As you work through the listing below, copy each line exactly and drop the images.

:: Dataset extract ::
==*==
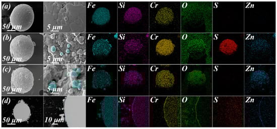 Deep white, bright white, and dark gray areas were observed in the field of view of the cross-section of the (Fe–Si–Cr + CIPs)/ZnO·SiO2·Cr2O3 composite powder (Figure 1d). The dark gray area was uniformly (~1.7 μm) thick, intermingled with the bright white area, and covered a dark white area. The bright white parts were re-colored blue during the image processing to clarify their distribution. Combining the cross-sectional image with the elemental maps, the dark white and dark gray areas were identified as the Fe–Si–Cr soft magnetic powder and the coating layer, respectively. It was inferred that the bright white particles between the dark gray cladding layer and the dark white Fe–Si–Cr soft magnetic powder embedded in the outer edge of the dark gray cladding layer were CIPs that were uncoated before the heat treatment. Wang et al. [4] showed that by virtue of its high reactivity and large specific surface area, CIPs provide additional reaction sites for the decomposition reaction of ZnSO4 during the hydrothermal coating process, promoting the growth of reaction products on the surfaces of the Fe–Si–Cr soft magnetic powders and CIPs. The absence of S in the cross-section of the (Fe–Si–Cr + CIPs)/ZnO·SiO2·Cr2O3 composite powder is possibly explained by volatilization of SO2, the decomposition product of ZnSO4, during the heat treatment process. The reaction mechanism and specific composition of the heat-treated insulation layer will be further explored.
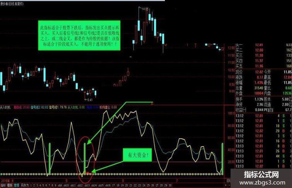买入时机:IF(CROSS(信号线1,3),50,0),LINETHICK8,COLORLIGREEN,STICK;
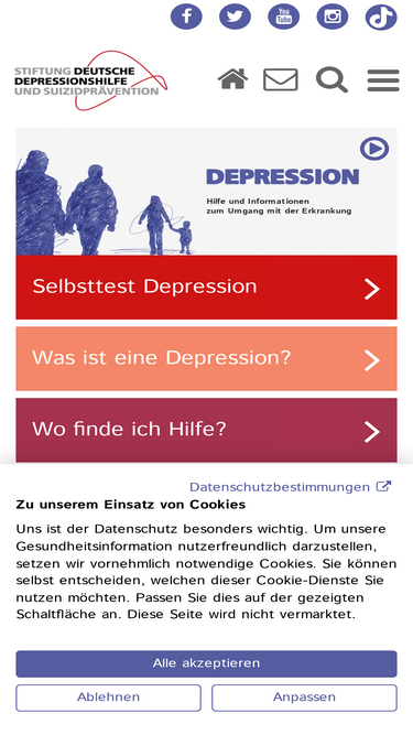 100%Informationen zu Depression, Hilfsangeboten und Selbsttest in 19 Sprachen. iFightDepression‑Tool in 15 Sprachen verfügbar.
==*==
:: Answer to this problem ::
 Deep white, bright white, and dark gray areas were observed in the field of view of the cross-section of the (Fe–Si–Cr + CIPs)/ZnO·SiO2·Cr2O3 composite powder (Figure 1d). The dark gray area was uniformly (~1.7 μm) thick, intermingled with the bright white area, and covered a dark white area. The bright white parts were re-colored blue during the image processing to clarify their distribution. Combining the cross-sectional image with the elemental maps, the dark white and dark gray areas were identified as the Fe–Si–Cr soft magnetic powder and the coating layer, respectively. It was inferred that the bright white particles between the dark gray cladding layer and the dark white Fe–Si–Cr soft magnetic powder embedded in the outer edge of the dark gray cladding layer were CIPs that were uncoated before the heat treatment. Wang et al. [4] showed that by virtue of its high reactivity and large specific surface area, CIPs provide additional reaction sites for the decomposition reaction of ZnSO4 during the hydrothermal coating process, promoting the growth of reaction products on the surfaces of the Fe–Si–Cr soft magnetic powders and CIPs. The absence of S in the cross-section of the (Fe–Si–Cr + CIPs)/ZnO·SiO2·Cr2O3 composite powder is possibly explained by volatilization of SO2, the decomposition product of ZnSO4, during the heat treatment process. The reaction mechanism and specific composition of the heat-treated insulation layer will be further explored.
买入时机:IF(CROSS(信号线1,3),50,0),LINETHICK8,COLORLIGREEN,STICK;
 100%Informationen zu Depression, Hilfsangeboten und Selbsttest in 19 Sprachen. iFightDepression‑Tool in 15 Sprachen verfügbar.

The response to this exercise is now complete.